Telcos in Australia Could Be Offshoring User Data and AGD Has No Clue of Its Whereabouts
Australian telecommunication companies could be storing all of their user information overseas and AGD doesn't know where exactly they are storing it, Sarah Chidgey, First Assistant Secretary National Security Division at AGD, told the Parliamentary Joint Committee on Intelligence and Security (PJCIS) Thursday morning.
Telcos are required by the government under the data retention scheme to store customer data that includes their call records, location information, IP addresses, billing information, and other relevant data. However, these companies could be storing this information overseas, and the Attorney-General's Department (AGD) that is charged with overseeing this system, doesn't know exactly where this data is stored.
Australia is clueless where telcos are storing user data
Offshoring data prompts concerns for the intelligence agencies of that information being subject to foreign legislation. In the United States, the tech companies (not telcos) have refused to provide data that has been stored overseas, since that is subject to local laws.
In a parliamentary committee hearing into the telco security reforms today, Chidgey said that the department doesn't believe if storing metadata overseas is a security risk, but also admitted that the department had no insight into the level of offshoring currently in use under the national data retention regime.
AGD's Chidgey said the existing legislation does not require telcos to inform the department of offshoring. It simply demands them to protect the data in accordance with the Privacy Act and Telecommunications Interception Act.
"That's something we don't know because there is no obligation for industry to tell us," Chidgey said.
"The whole precursor to the [metadata] Bill was that they would tell us," Labor MP and committee deputy chair Anthony Byrne said in response. "What you're telling me is that they will not even tell you whether or not they are storing the metadata offshore."
Australia's data retention laws came into work in October 2015, and require telcos to store customer personal data, their traffic data, and upload and download volumes, for two years. However, they don't force telecommunication operators to store this data inside Australia. The law - or the omission of this particular requirement, to be exact - raised concerns about data security and privacy. Reports suggest that at least one telco (iiNet) indicated it would find the cheapest option for storage, which was in China, at the time.
AGD argued telcos were required under the data retention legislation to adequately protect the consumer data.

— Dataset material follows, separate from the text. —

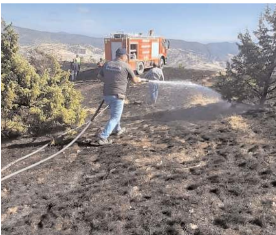
Yangın Kuyucak köyü Fındıkkırağı mevkinde çıktı.

Oğuzlar'da çıkan yangında, 10 dekar tarım arazisi ve bitişindeki ormanlık alan zarar gördü.

This essentially means that the government is relying on the private companies to securely store data outside of the country when they could just be going for the lowest cost options.

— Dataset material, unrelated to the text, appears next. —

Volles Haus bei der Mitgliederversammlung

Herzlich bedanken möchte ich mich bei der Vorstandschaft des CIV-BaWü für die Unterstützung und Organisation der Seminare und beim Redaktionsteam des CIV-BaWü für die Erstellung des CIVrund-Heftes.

Byrne said the lack of departmental insight was "ridiculous" and "completely unacceptable". "You're a government agency that is responsible to oversight this and you cannot answer a question about how much data is being offshored, that is just ridiculous," he said.
It is completely unacceptable that you don't know how much data is being stored offshore ... you need to be aware of that, because you cannot make informed decisions, in my view, or the intelligence agencies can't, or offer the appropriate protections if you're not being given this information.
Byrne called on the AGD to "make it a priority" to find out the whereabouts of the nation's telecommunications metadata. Under the new security reforms bill that entered parliament last November, telecom companies will be required to notify AGD of new outsourcing or offshoring of sensitive parts of their networks. It will also be a requirement to notify the department when telcos move equipment outside Australia, buy equipment that is located outside Australia, or enter into new outsourcing arrangements. However, it doesn't make any mention of the existing data retention regime.
"This bill would introduce a notification requirement, and one of the kinds of changes that would have to be notified is information that is being stored offshore," Anne Sheehan of AGD said.